When the Senate takes up the bill to expand background checks for gun purchases this week, we will hear plenty rationalizations for opposing it similar to the one offered recently by Heidi Heitkamp, the newly elected Democrat from North Dakota: “In our part of the country, [gun control] isn’t an issue. This is a way of life. This is how people feel, and it is extraordinarily difficult to explain that, especially to grieving parents.” Heitkamp’s bottom line: “I’m going to represent my state.”
That state has a population that did not crack 700,000 as of last year. In other words, that state is smaller than cities like Columbus, Fort Worth and Charlotte, and is only slightly larger than El Paso, Memphis and Nashville. North Dakota is separate from South Dakota only because Republicans who dominated the Constitutional Convention in 1889 thought it better to carve two Republican-leaning states out of Dakota Territory (railroad politics also played a role). And yet, North Dakota will have as much say this week as California, Texas, New York and Florida—how those 699,000 people “feel” in towns like Minot and Williston and Fargo will matter as much as how 38 million people “feel” in towns like Los Angeles and San Francisco and San Jose. Small, rural states will not only make it much harder to expand background checks to the huge gun shows where a big share of firearms are purchased, they may succeed in passing an amendment that would allow states with lax regulations for concealed-carry to trump stricter rules elsewhere—that is, to allow someone who got a concealed-carry permit in Wyoming (population 576,000, smaller than Portland, Oregon) to carry a concealed weapon in New York, where it’s much tougher to get a permit.
The undemocratic nature of the upper chamber of our legislative branch of government has been noted many times—it is, as the New York Times observed in an in-depth piece just a few months ago, “in contention for the least democratic legislative chamber” in the world, with the 38 million people who live in the 22 smallest states represented by 44 senators, while 38 million Californians are represented by two. But it is worth dwelling on this feature of our government again this week, because there are few issues where it makes itself felt as strongly as on guns. Max Baucus, the Montana Democrat, helped carry Obamacare to passage, but here he is on the background check bill: “I don’t support the bill, but I support open debate. Montanans are opposed to this bill—by a very large margin.” Montana’s population? Just over a million—a veritable giant by contrast with North Dakota, but also quite a bit smaller than Dallas, San Antonio and San Diego. And here’s Mark Begich shortly before he became one of two Democrats, along with Arkansas’ Mark Pryor, to decline to even allow the expanded background-check bill to come up for debate: In Alaska, he said, “We love our guns.” That’s nice! In Columbus, which has more people than Alaska’s 731,000, they love their Buckeyes, but that doesn’t mean they get to set national policy around them.
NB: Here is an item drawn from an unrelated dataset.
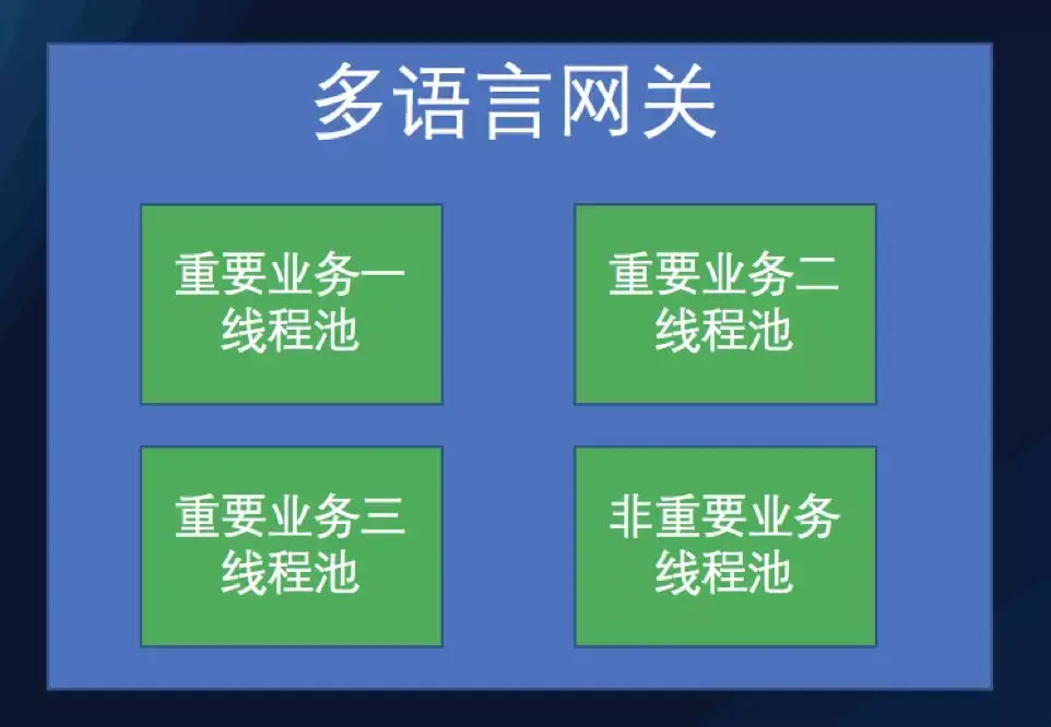 线程池隔离的方案里面仅仅做到了线程池的隔离,其他的资源的隔离其实并没有做,比如 CPU 和 Memory 之类的隔离等等,如果想要更加彻底的隔离方式,可以采用和线程池隔离类似的方式,给重要的服务用独立的多语言网关来为其服务,不重要的服务,再给一个大的独立的集群去服务。

Bring this up, and the guardians of the wide-open spaces throw the Constitution in your face. But it’s worth recalling just how haphazardly this feature of our government came about, that it was not handed down from the mountaintop by James Madison. In fact, Madison, the father of the Constitution, vehemently opposed this design for the Senate when it was being debated at the Constitutional Convention. As a representative of one of the big states, Virginia, he was in favor of—gasp—apportioning votes in both legislative chambers by population. This fact is often lost on the small-state defenders, as I learned in the onslaught I received when I brought this matter up in 2009: They assume that because Madison supported one of the Senate’s initial undemocratic features—having its members selected indirectly, by state legislatures, in order to keep the Senate at a remove from the tempestuous masses—he must have supported undemocratic apportionment. He did not. He drafted the “Virginia Plan,” which called for two chambers, with members allotted by state population. Countering this was the “New Jersey Plan,” which called for only a single chamber with equal representation for each state (remember, this was pre-Short Hills Mall, and New Jersey was at the time a relatively small state.)
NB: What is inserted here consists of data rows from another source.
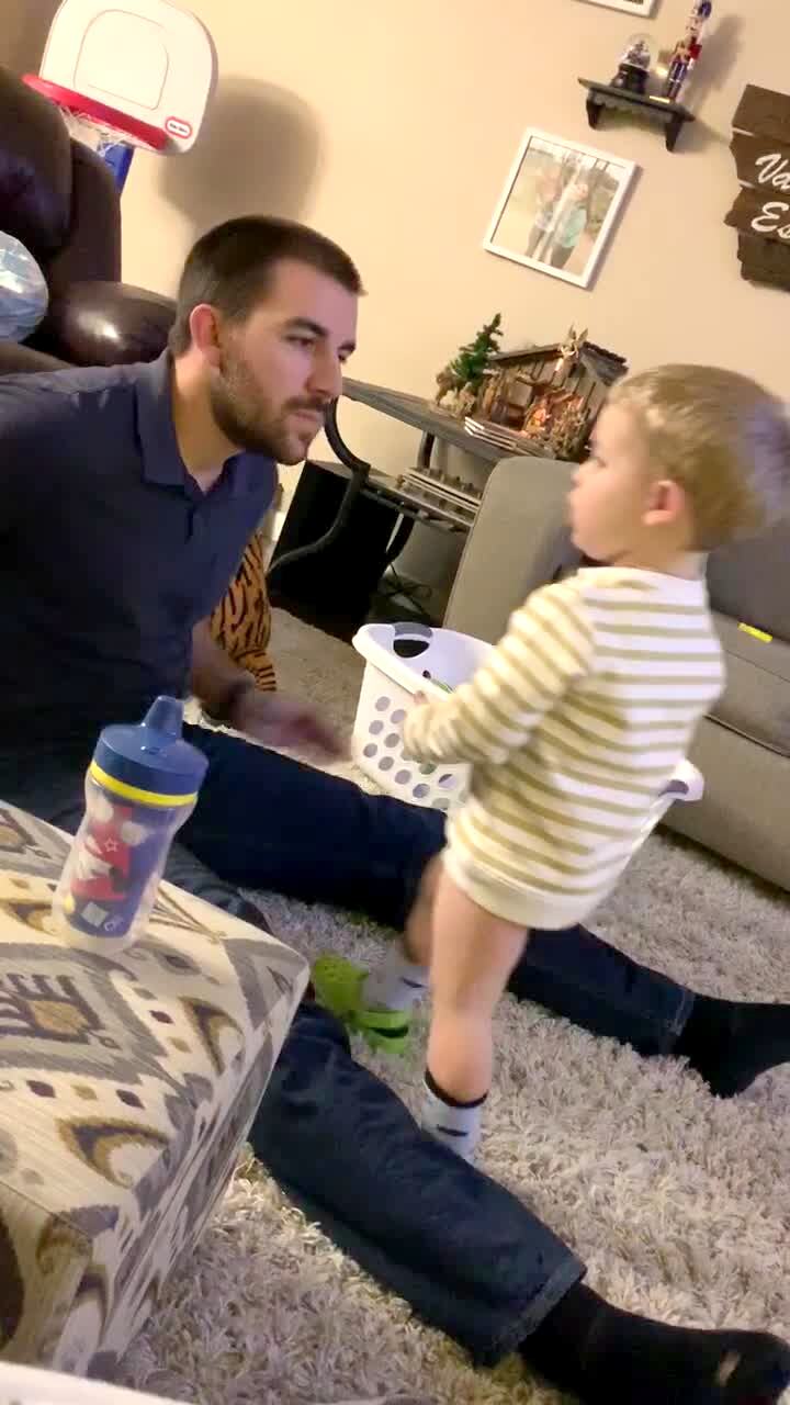 A woman films a baby boy at home, then it sounds like the baby boy says "can you back up?"
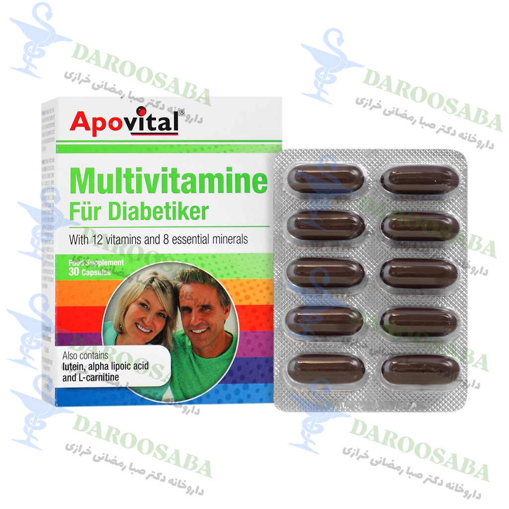 کپسول مولتی ویتامین افراد دیابتی آپوویتال تحت لیسانس یورو او تی سی فارما آلمان جهت تامین ویتامین و املاح معدنی افراد مبتلا به دیابت فرموله و تولید شده است. این محصول به دلیل وجود کروم، منیزیم و کارنیتین به کنترل بهتر قند خون کمک میکند و به جبران ویتامین ب 12 از دست رفته ناشی از مصرف متفورمین میپردازد. از طرفی این قرص مولتی ویتامین با خاصیت آنتی اکسیدانی و ضد التهابی خود در تقویت سیستم ایمنی و همچنین کمک به تنظیم و کاهش قند خون، کاربرد دارد. کپسول آپوویتال برای افراد دیابتی، با داشتن ترکیبات موثر مانند آلفا لیپوئیک اسید، کروم و سلنیوم، دانه سویا و لستین سویا، نه تنها در کمک به بهبود سیستم ایمنی، عصبی، گوارشی و بینایی کارساز است، بلکه در کاهش قند خون و تنظیم آن نیز سودمند خواهد بود.
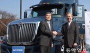 미국 상용차 제조업체인 나비스타는 12일 상용트럭 ‘인터내셔널 프로스타’를 국내에 출시했다. 2012년 3월 한미 자유무역협정(FTA)이 발효된 이후 미국산 온로드(포장도로) 상용차가 국내에 들어오는 것은 이번이 처음이다. 길이 7820mm, 폭 2500mm, 높이 3800mm 크기(슬리퍼 모델 기준)에 연료소비효율은 L당 4km 수준이다. 가격은 부가가치세 제외 1억5900만 원이다.}
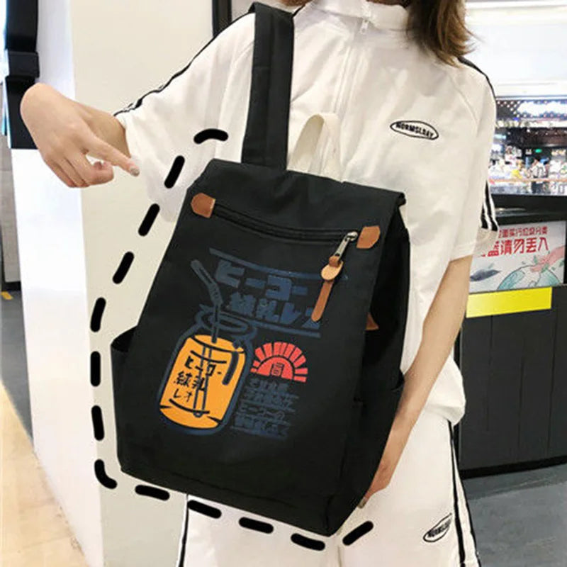 This stylish backpack features a unique Harajuku student school bag print, perfect for students or travelers. It offers ample space for a laptop, books, and other essentials.
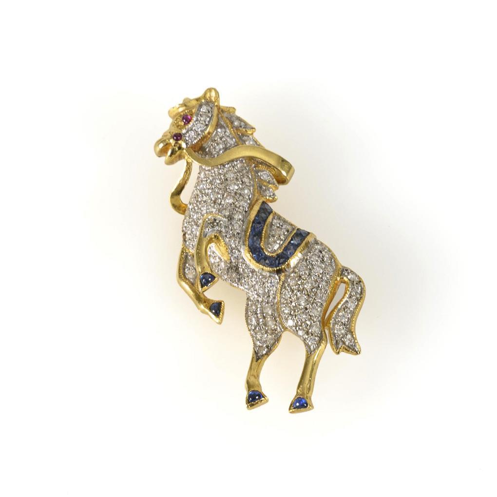 Sculpturally crafted brooch with pavé-set small diamonds, 14 sapphires and 2 rubies. Ball hook.

The solution, as any good civics student knows, was the Connecticut Compromise, which, as proposed by Connecticut’s delegates to the convention, created two chambers, the lower one apportioned by population, the upper one not. It was also hailed as the “Great Compromise,” which in hindsight makes it look like the first shining example of our political culture’s tendency to hail as achievements any deal that represents a middle point, no matter how shoddy its logic or deleterious its consequences. It’s also awfully ironic that it should be the Connecticut Compromise that may well keep the Senate from responding seriously to the worst act of mass violence ever perpetrated in Connecticut.
What to do? When, some time ago, I put this whole issue to Kent Conrad, the North Dakota Democrat whose retirement led to Heitkamp’s ascension, he was taken aback: “This was the grand bargain that was struck when the Founding Fathers determined the structure and form of the United States Congress… Are you proposing changing the Constitution?”
Maybe I am. At the time of the not-so-Great Compromise, the largest state, Virginia, was 11 times bigger than the smallest, Delaware. The ratio between California and Wyoming is now 66 to 1, yet they have the same sway in the Senate. Could the Founders have envisioned that? And are we OK with that? If so, just don’t be surprised if the gun bill is blocked or seriously weakened this week despite polls showing overwhelming support for expanded background checks. Undemocratic institutions produce undemocratic results. Mr. Madison could tell you that.
By: Alec MacGillis, The New Republic, April 16, 2013
“A Defeat For The NRA”: Despite Threats, Filibuster Broken And Gun Debate Begins
The Senate has voted 68-31 to open a debate on compromise gun legislation that expands background checks. The bill will be based on a compromise between senators Pat Toomey (R-PA) and Joe Manchin (D-WV), both of whom currently have an “A” rating from the National Rifle Association (NRA) gun lobby.
The NRA threatened to “score” Thursday’s vote against lawmakers’ ratings, hoping to kill the bill before it was even written. But 17 Republicans joined all the Democrats in the Senate except Mark Pryor (D-AR) and Mark Begich (D-AK) for cloture to prevent a filibuster from derailing the debate. The Washington Post‘s Ed O’Keefe points out that 21 of the “aye” votes came from senators with NRA ratings A- or higher.
Several family members of those killed in the Newtown massacre four months ago were on hand to witness the vote in the Senate chamber.
Senate Majority Leader Harry Reid (R-NV) took to the floor after the vote.
“The hard work starts now,” he said.
“There are powerful feelings about each of these proposals — both strong support and strong opposition,” Reid said. “But whichever side you are on, we ought to be able to agree to engage in a thoughtful debate about these measures.”
He added that he hopes ”a few senators don’t spoil everything,” referencing the threat by 14 senators including Ted Cruz (R-TX) and Rand Paul (R-KY) to filibuster the bill.
Senate Minority Leader Mitch McConnell (R-KY) is one of those senators. On Thursday he said, ”This bill is a clear overreach that will predominantly punish and harass our neighbors, friends, and family.”
The debate is expected to last for weeks, with the NRA continuing to score even procedural votes.
Though about one-third of the Senate voted against even having a debate, polls show that around 90 percent of Americans support expanding background checks.
“Those two leaders stepping up is a very good way to start,” said Mary Landrieu (D-LA), who is seeking re-election next year in red state Louisiana. “How it ends, I don’t know.”
This morning, Congressman Peter King (R-NY) told The Washington Post‘s Greg Sargent that he thought the bill had a chance of passing the House of Representatives if it makes it out of the Senate.